Records shown
********

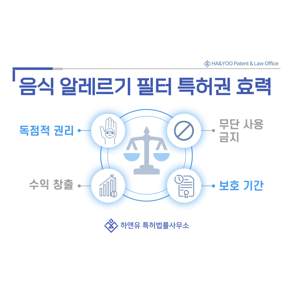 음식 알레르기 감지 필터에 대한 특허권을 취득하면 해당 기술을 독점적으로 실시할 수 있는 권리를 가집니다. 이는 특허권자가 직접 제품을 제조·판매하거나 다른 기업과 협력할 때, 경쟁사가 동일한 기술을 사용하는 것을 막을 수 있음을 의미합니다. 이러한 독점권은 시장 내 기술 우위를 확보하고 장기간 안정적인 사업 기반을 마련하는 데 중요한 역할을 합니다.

********

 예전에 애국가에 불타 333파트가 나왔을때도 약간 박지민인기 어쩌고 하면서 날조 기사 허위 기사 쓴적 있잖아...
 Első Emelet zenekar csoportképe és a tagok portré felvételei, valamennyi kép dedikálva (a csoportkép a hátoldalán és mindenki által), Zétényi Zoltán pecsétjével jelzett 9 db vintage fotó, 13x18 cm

********

Task description
The stretch of entries above that starts with the line containing "예전에 애국가에 불타" and goes on through the line containing "Első Emelet zenekar" is to be transcribed exactly, and no other line is to be transcribed.

Answer box
 예전에 애국가에 불타 333파트가 나왔을때도 약간 박지민인기 어쩌고 하면서 날조 기사 허위 기사 쓴적 있잖아...
 Első Emelet zenekar csoportképe és a tagok portré felvételei, valamennyi kép dedikálva (a csoportkép a hátoldalán és mindenki által), Zétényi Zoltán pecsétjével jelzett 9 db vintage fotó, 13x18 cm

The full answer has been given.